Paul Weller’s favourite folk albums
Paul Weller has always been a man who has drawn on many and varied influences, who has always had a wide-ranging taste in music and who has always incorporated so many disparate elements into his own work.
Whether it’s come in the shape of the power-pop punk-rock of The Jam, the soul-inspired sounds of the Style Council or the more sophisticated melange of rock styles across his solo albums, from his eponymous debut to this year’s Find El Dorado, it’s always been clear that Weller is a man of many musical influences.
In fact, it’s even clear just from looking at the songs he’s covered and made his own on Find El Dorado, like Bobby Charles’ best song ‘Small Town Talk’ or The Bee Gees’ ‘I Started a Joke’ and deep cut, crate-digger picks like The Guerrillas’ ‘Lawdy Rolla’.
There is a hint of folk and a blur of the blues across a lot of the songs here, and it’s not the first time in his career that Weller has introduced a folk feeling to his output. Perhaps it was never more notable in his output than on his second solo album, 1993’s Wild Wood.
“There was kind of an Englishness and a folkiness about some of Paul’s writing at that time,” says his friend, The Blow Monkeys’ singer Robert Howard, who remembers Weller sharing his love of Donovan’s 1967 record A Gift From A Flower To A Garden. “The acoustics came out again and we would play those songs together, like ‘Wear Your Love Like Heaven’, and analyse them a little bit. I think that was the beginning of what turned out to be Wild Wood, for him”.

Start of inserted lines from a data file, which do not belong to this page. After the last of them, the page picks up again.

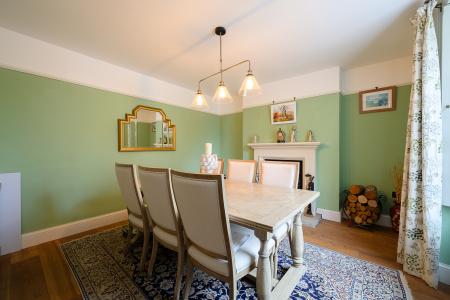 Meanwhile, the dining room is found on the opposite side of the reception hall. This, much like the sitting room, bears a high ceiling with picture rails, a cast iron fireplace and a sash window with original shutters.
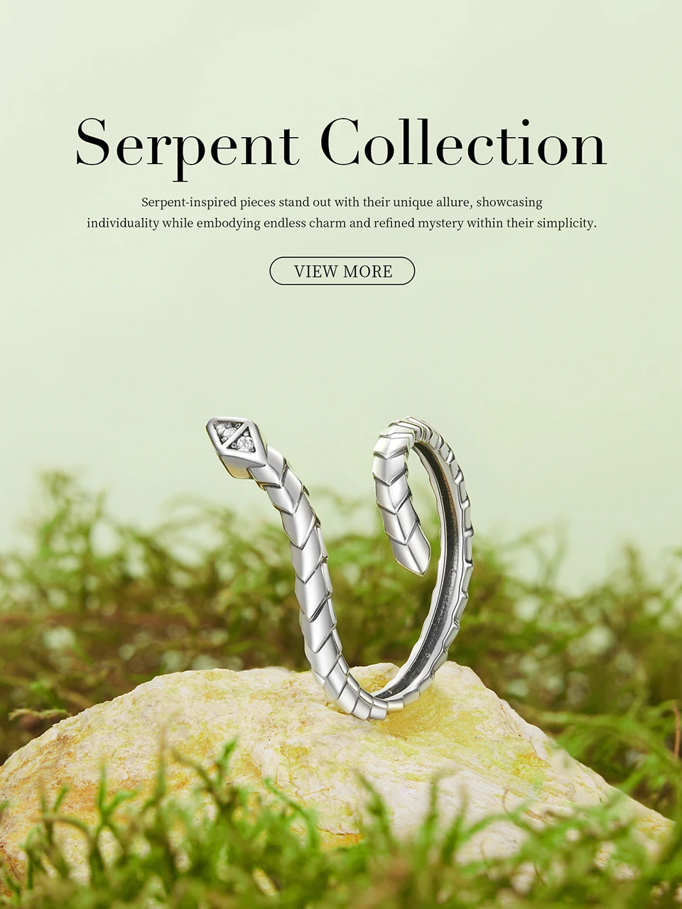 925 Sterling Silver Snake Ring for Women, Adjustable
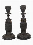 A matched pair of Irish bog oak candlesticks, carved in the form of owls standing on circular bases, displaying characteristic deep patination and fine feather detailing. 19th century.

And though he might have been listening to a lot of Donovan at the time, it was another British singer-songwriter with a folk background that many astutely heard as a key influence over the first few Paul Weller solo albums.
Though he is often more associated with an electric sound and set up, Paul Weller has always been a keen fan of Nick Drake, and counts both the tragic singer’s Five Leaves Left and Bryter Layter albums amongst his favourite records of all time.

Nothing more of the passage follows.